### What you will do
What you return must be the data below, word for word, without any images.

• • •

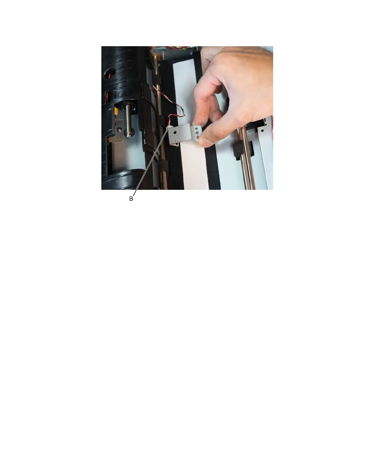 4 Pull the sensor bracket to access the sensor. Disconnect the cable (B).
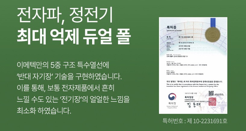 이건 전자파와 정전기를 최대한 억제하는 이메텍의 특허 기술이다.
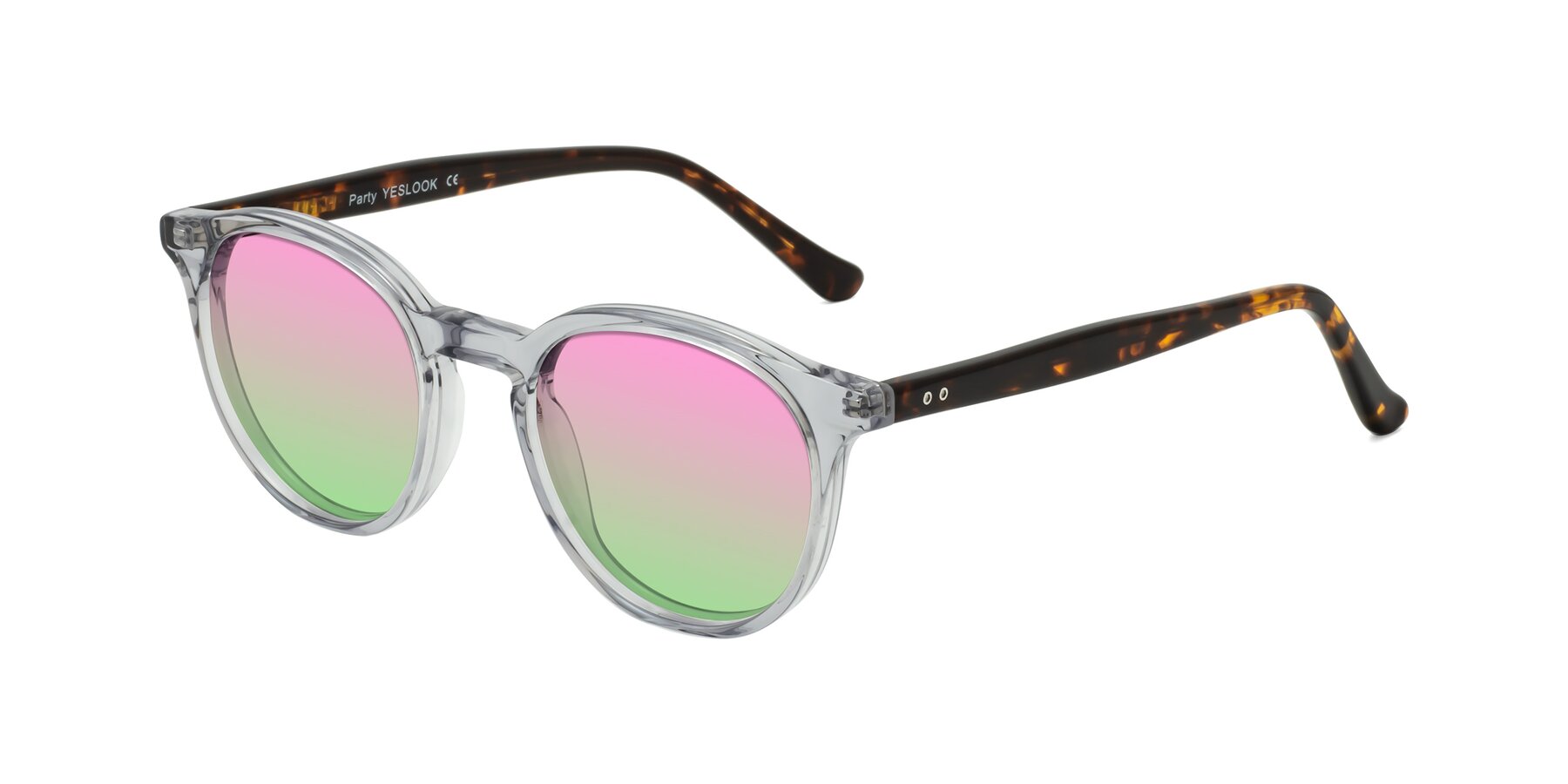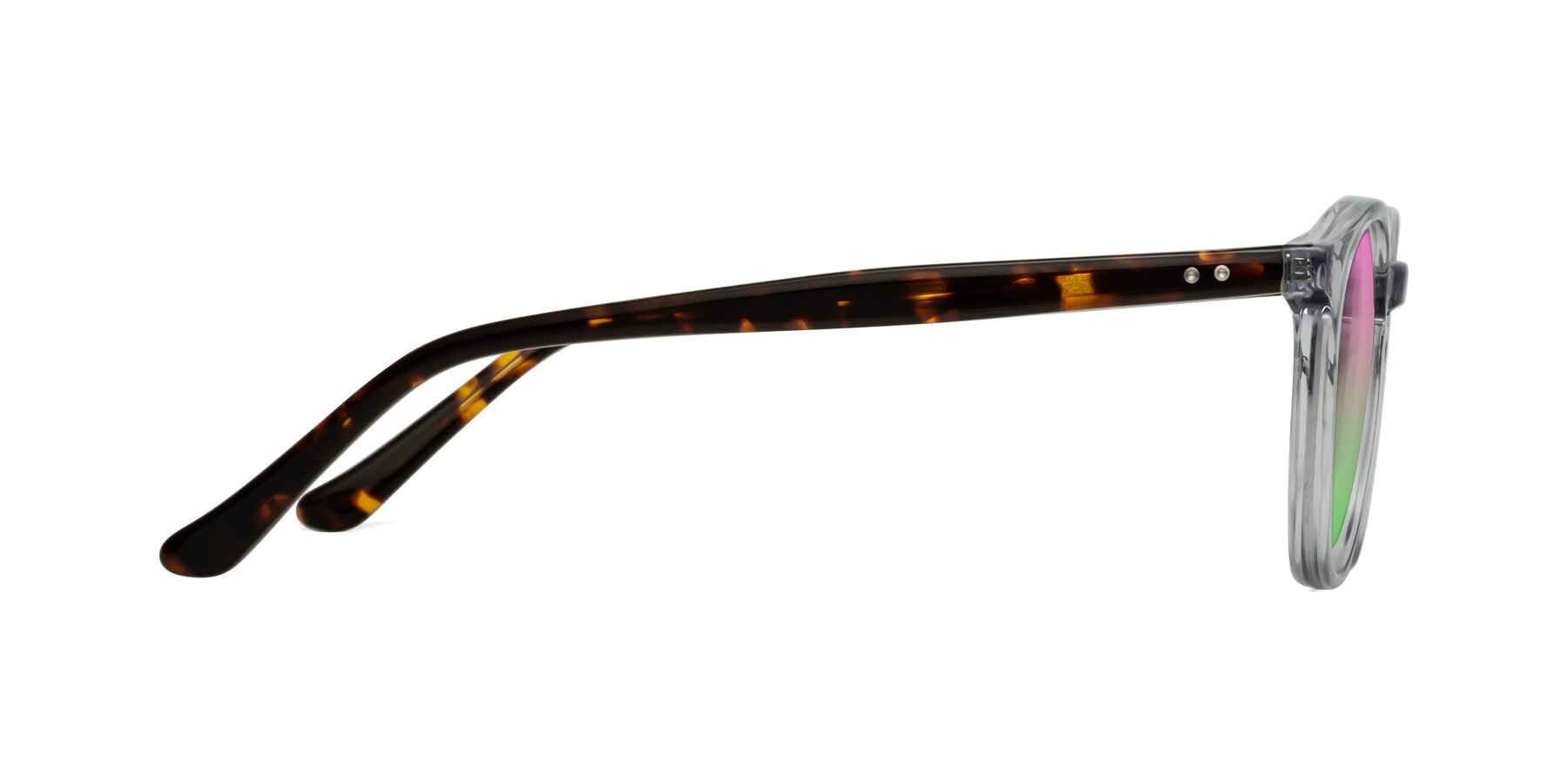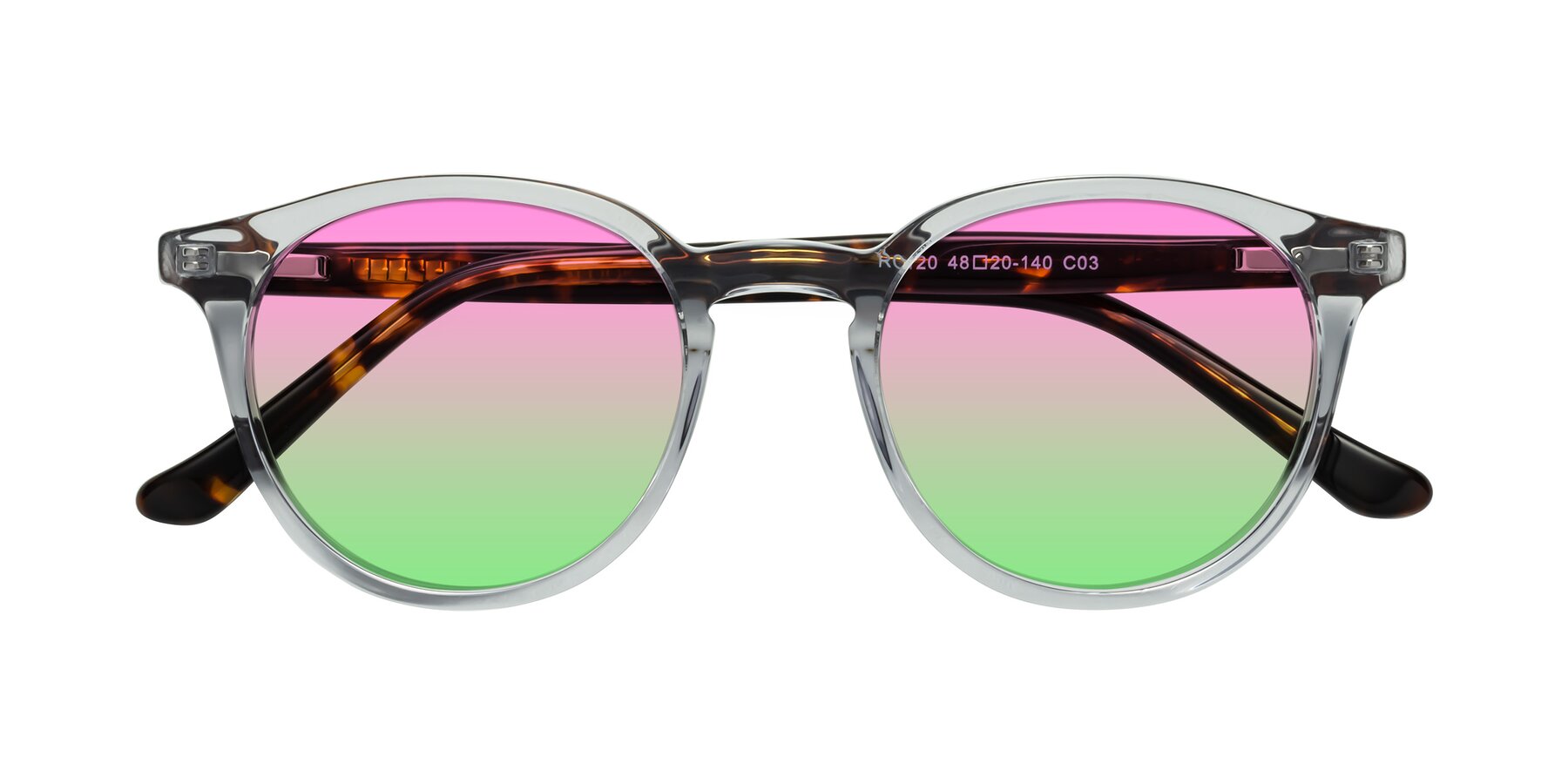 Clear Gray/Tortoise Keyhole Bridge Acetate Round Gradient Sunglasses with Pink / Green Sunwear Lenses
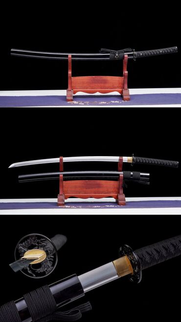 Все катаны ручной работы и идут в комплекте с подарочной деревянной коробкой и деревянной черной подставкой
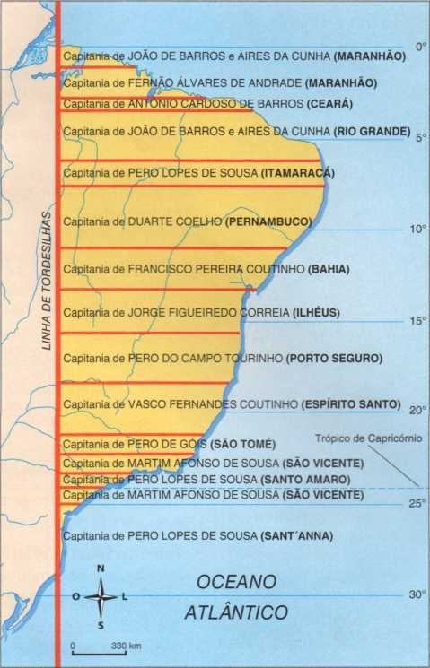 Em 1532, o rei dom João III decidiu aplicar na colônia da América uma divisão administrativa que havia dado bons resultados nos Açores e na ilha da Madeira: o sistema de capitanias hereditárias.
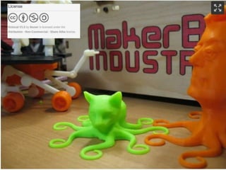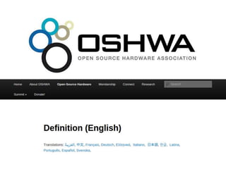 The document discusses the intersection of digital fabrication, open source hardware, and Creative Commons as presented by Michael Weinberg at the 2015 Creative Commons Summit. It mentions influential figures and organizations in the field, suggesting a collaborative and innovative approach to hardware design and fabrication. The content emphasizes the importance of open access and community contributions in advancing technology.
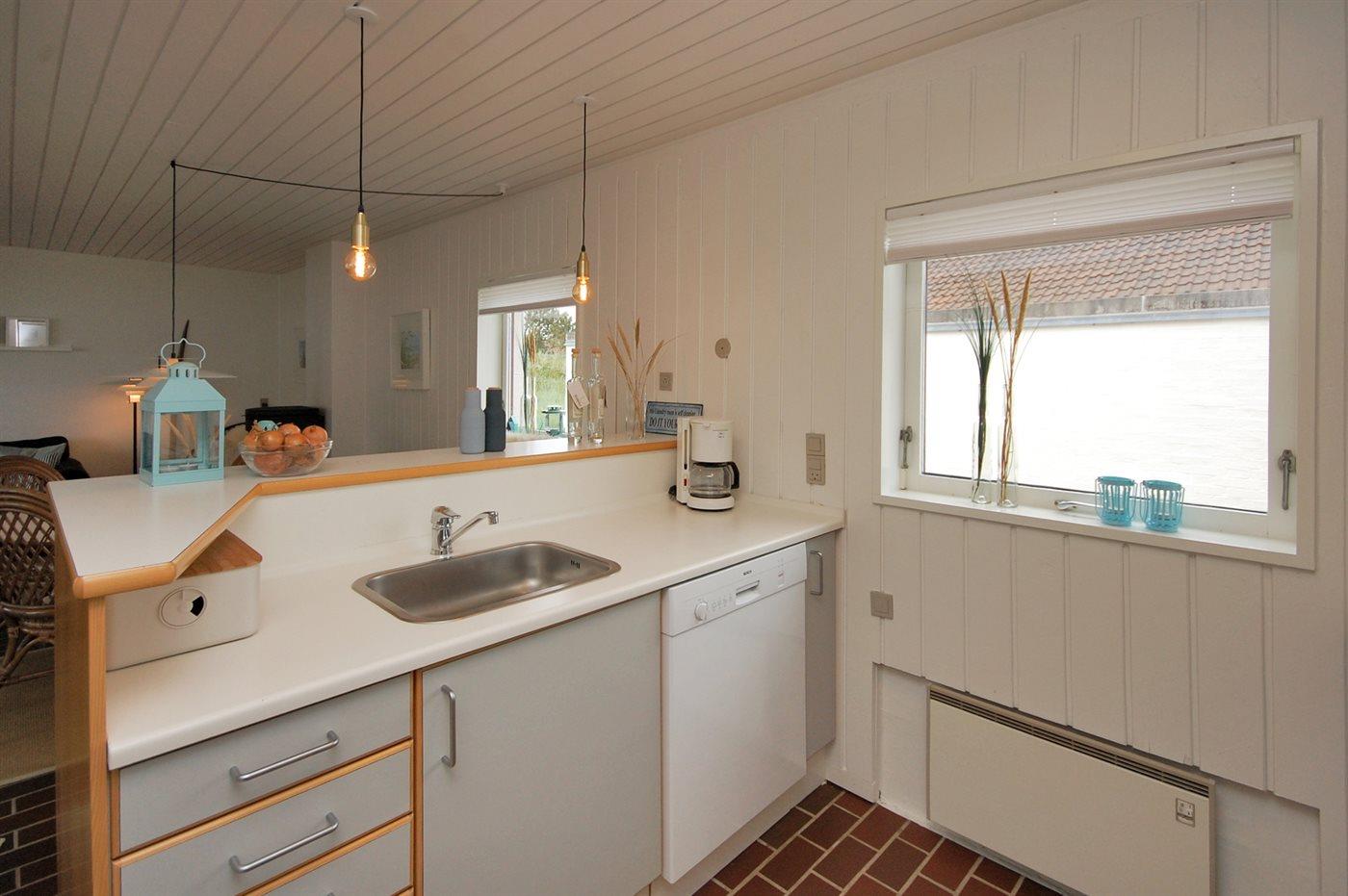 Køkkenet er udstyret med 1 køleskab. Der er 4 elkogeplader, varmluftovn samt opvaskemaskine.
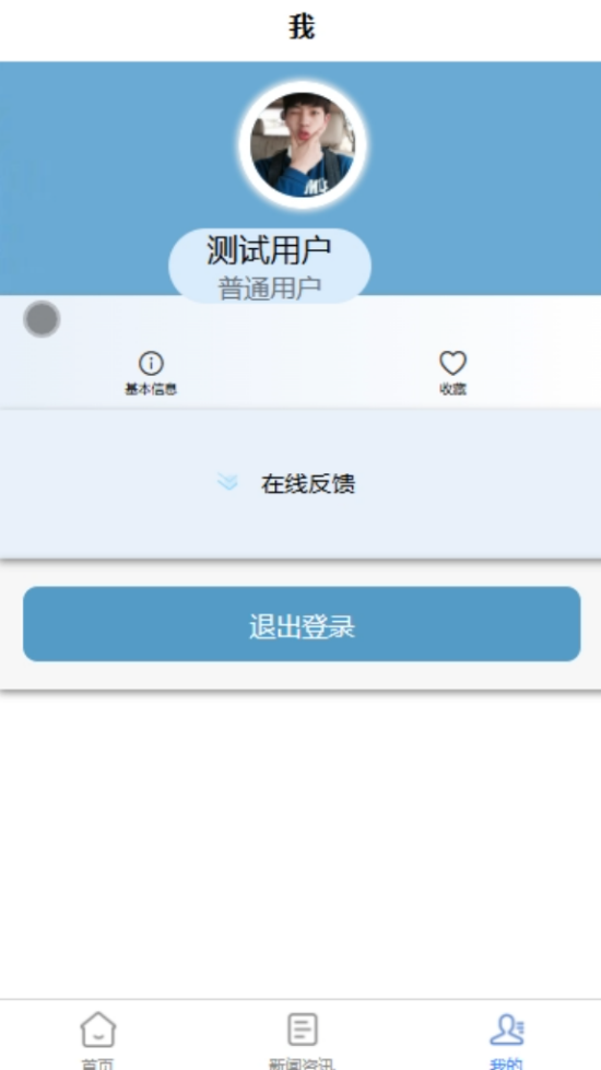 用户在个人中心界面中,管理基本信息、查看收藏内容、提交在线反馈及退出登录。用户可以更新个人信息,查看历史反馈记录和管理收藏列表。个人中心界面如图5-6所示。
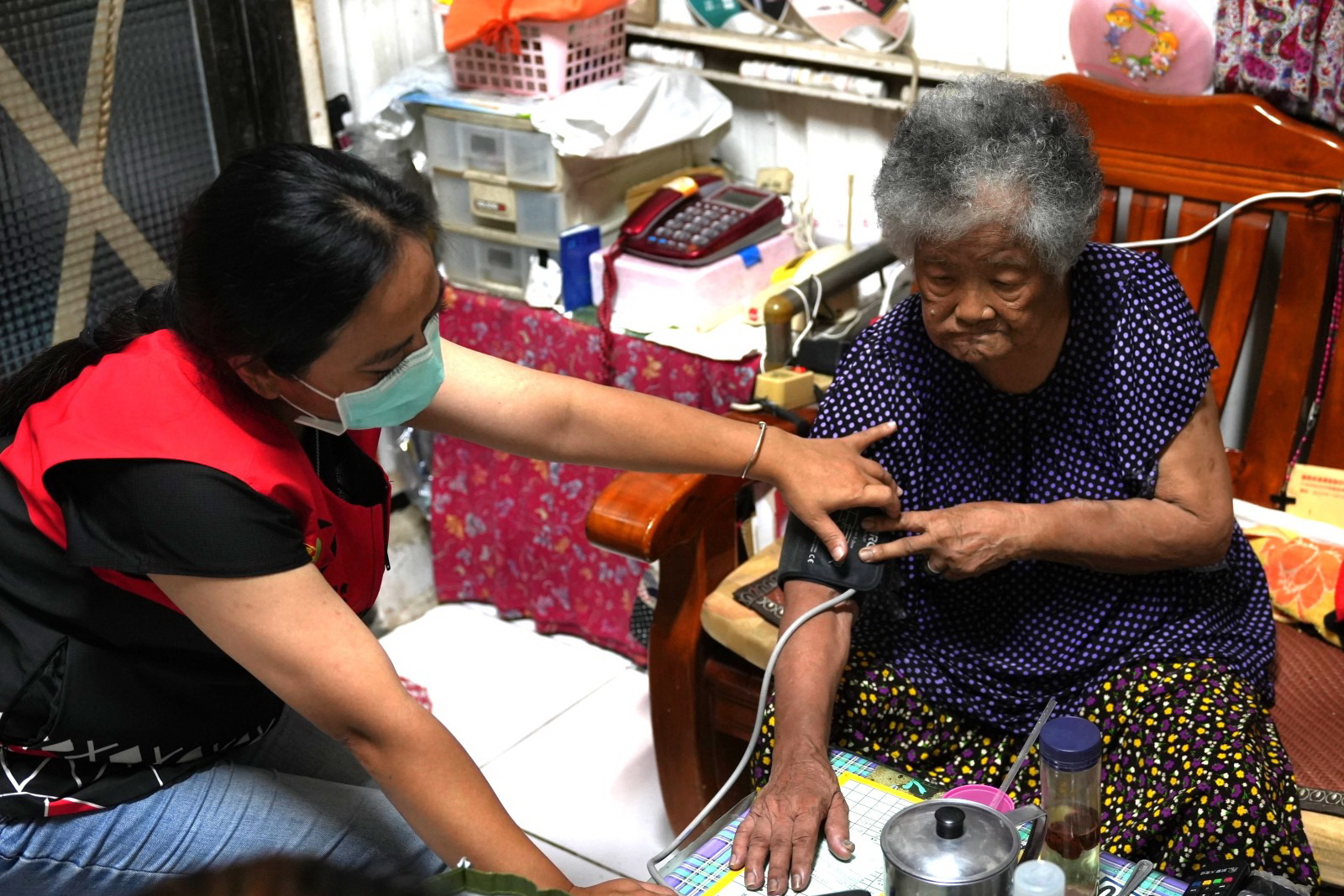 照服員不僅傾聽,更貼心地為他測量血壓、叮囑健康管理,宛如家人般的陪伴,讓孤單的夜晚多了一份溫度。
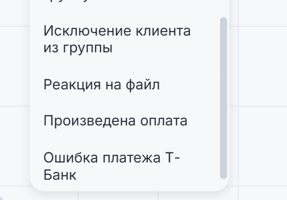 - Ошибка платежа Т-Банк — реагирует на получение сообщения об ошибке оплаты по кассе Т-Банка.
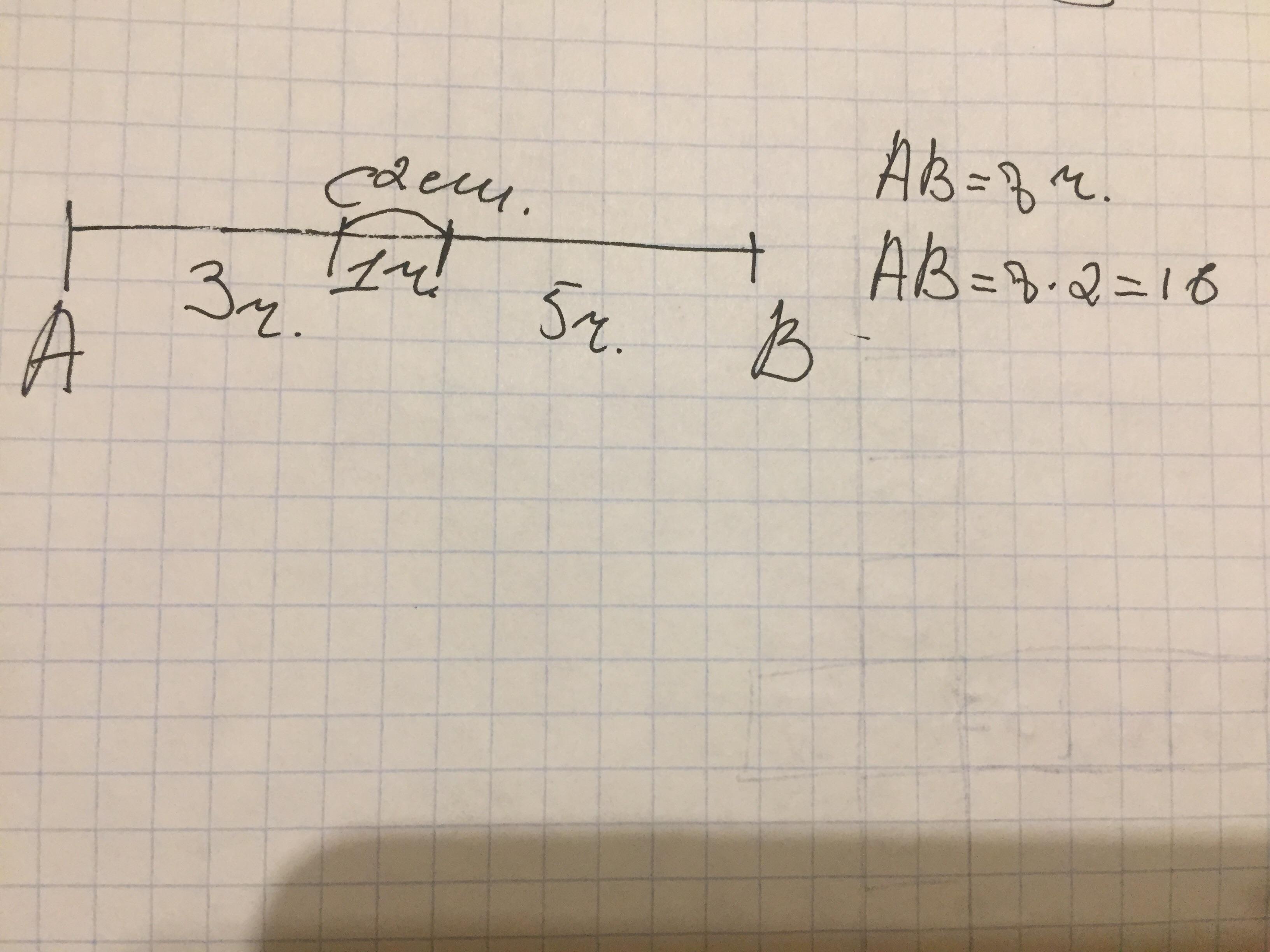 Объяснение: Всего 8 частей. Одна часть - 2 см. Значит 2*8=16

• • •

### Answer for the task
 4 Pull the sensor bracket to access the sensor. Disconnect the cable (B).
 이건 전자파와 정전기를 최대한 억제하는 이메텍의 특허 기술이다.
 Clear Gray/Tortoise Keyhole Bridge Acetate Round Gradient Sunglasses with Pink / Green Sunwear Lenses
 Все катаны ручной работы и идут в комплекте с подарочной деревянной коробкой и деревянной черной подставкой
 Em 1532, o rei dom João III decidiu aplicar na colônia da América uma divisão administrativa que havia dado bons resultados nos Açores e na ilha da Madeira: o sistema de capitanias hereditárias.
 The document discusses the intersection of digital fabrication, open source hardware, and Creative Commons as presented by Michael Weinberg at the 2015 Creative Commons Summit. It mentions influential figures and organizations in the field, suggesting a collaborative and innovative approach to hardware design and fabrication. The content emphasizes the importance of open access and community contributions in advancing technology.
 Køkkenet er udstyret med 1 køleskab. Der er 4 elkogeplader, varmluftovn samt opvaskemaskine.
 用户在个人中心界面中,管理基本信息、查看收藏内容、提交在线反馈及退出登录。用户可以更新个人信息,查看历史反馈记录和管理收藏列表。个人中心界面如图5-6所示。
 照服員不僅傾聽,更貼心地為他測量血壓、叮囑健康管理,宛如家人般的陪伴,讓孤單的夜晚多了一份溫度。
 - Ошибка платежа Т-Банк — реагирует на получение сообщения об ошибке оплаты по кассе Т-Банка.
 Объяснение: Всего 8 частей. Одна часть - 2 см. Значит 2*8=16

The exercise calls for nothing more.